Ah, but how do we enter into that negotiation, when most of the human race is unaware that it’s needed, and is disinclined to deal with what promises to be a demanding, even painful, experience? The illustrious scientist Edward O. Wilson has written extensively on the urgency of acting now to preserve the biodiversity of the planet. In his book, Half-Earth, he’s quite clear: We have entered into a new epoch. The biosphere is disappearing, species-by-species, at a sickening pace. Many have termed this epoch the Anthropocene, because it's clear that humans are the major causative agents. Only an enormous commitment to preservation could save most of what is left. In a final chapter, Wilson suggests ways in which we might employ our intelligence and imaginative capacities to put aside half of planet Earth for the preservation of biodiversity and to reclaim some of what has been lost. He argues that we can still do this by reshaping society. Check out the Half-Earth Project website.

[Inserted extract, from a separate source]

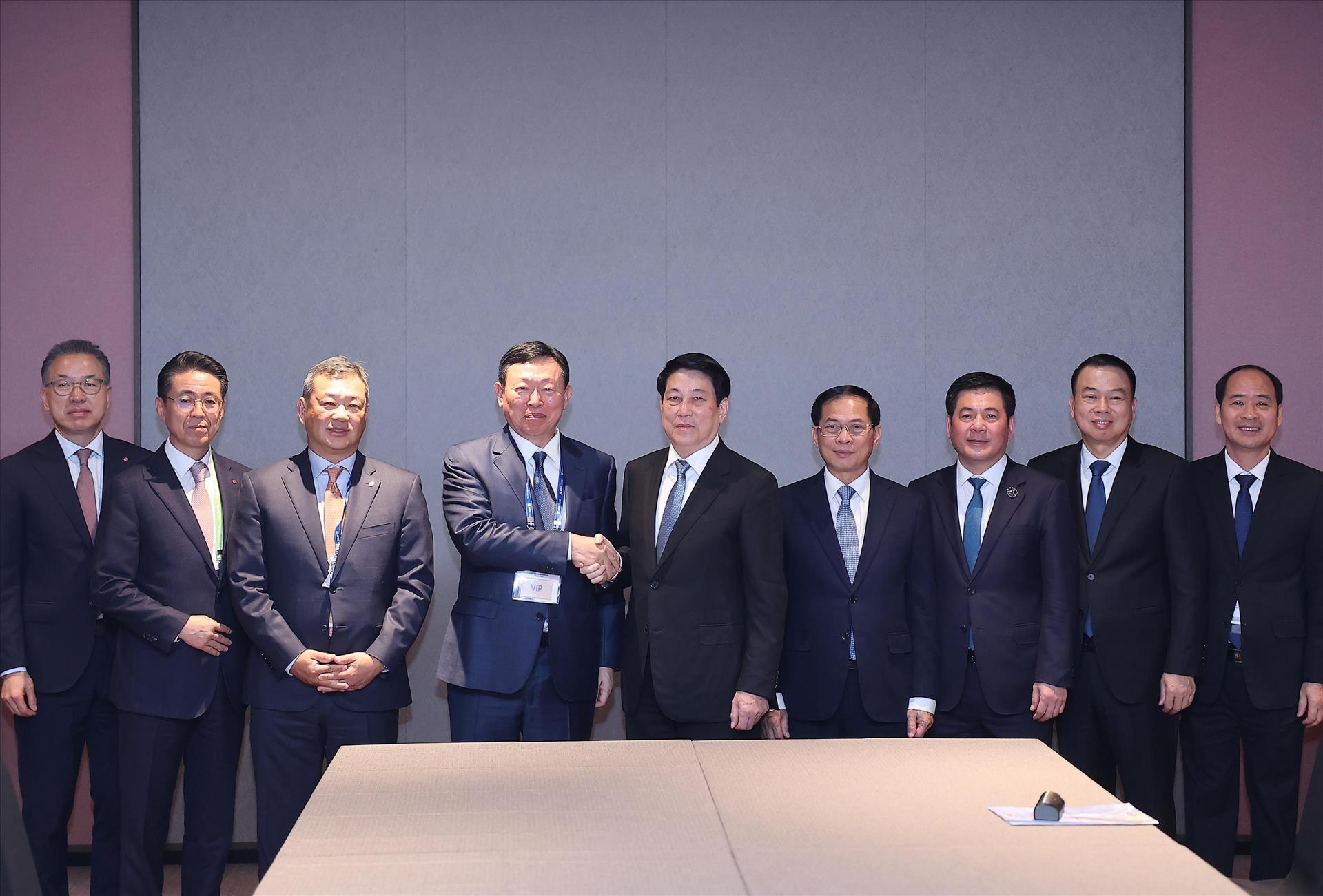 Chủ tịch nước Lương Cường với Chủ tịch Tập đoàn Lotte Shin Dong-bin và các đại biểu. Ảnh: Lâm Khánh – TTXVN

I’m heartened by Wilson’s readiness to embrace new technologies. Futurists have been talking of the inevitability of massive shifts in how and where people will live, of producing food from cellular bases, thus freeing land for a return to a biodiverse natural state, of dramatic reductions in per capita energy consumptions, and more. But even if society can learn to think differently about planet Earth, reforms won’t go as they should unless our species adopts an ethic that overrides all other claims on our fealty: we are nature ourselves and must live in it. Darwin argued that, in keeping with other species, humans evolved to have a moral sense. How can we evince it with respect to nature? Among other things, we think ahead, envisioning a holistic, soil-supporting agricultural system, weaning ourselves away from animal-focused diets, supporting community-based education and practice. When we’re able, we get our hands in the dirt. We become devoted stewards of the planet’s freshwater. We constantly urge elected officials and those in government to pay attention to the ecology of the bioregion they represent. Just maybe, we’ll succeed in preserving a good bit of Gaia for our progeny.

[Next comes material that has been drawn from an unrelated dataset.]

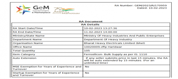 Bharat Heavy Electricals Limited (BHEL) concluded a reverse auction for 105 t of ferro silicon (Si:70% min, Size: 40-150 mm) on 10 Feb’23. The material was booked at around INR 158,304/t FOR, inclusive of all taxes. Excluding GST and GEM portal charges, prices are at around INR 133,489/t FOR, sources informed.

There is no going back to nature as it was. People think of the Anthropocene in terms of warming oceans, rising sea levels, and other climate-related changes. But if we could somehow forestall or reverse many of those changes, there will still be PFAS, 6PPD, countless other man-made chemical substances, and mind-boggling quantities of plastic and other waste. These may prove to be the greatest drivers of change in the Anthropocene Epoch.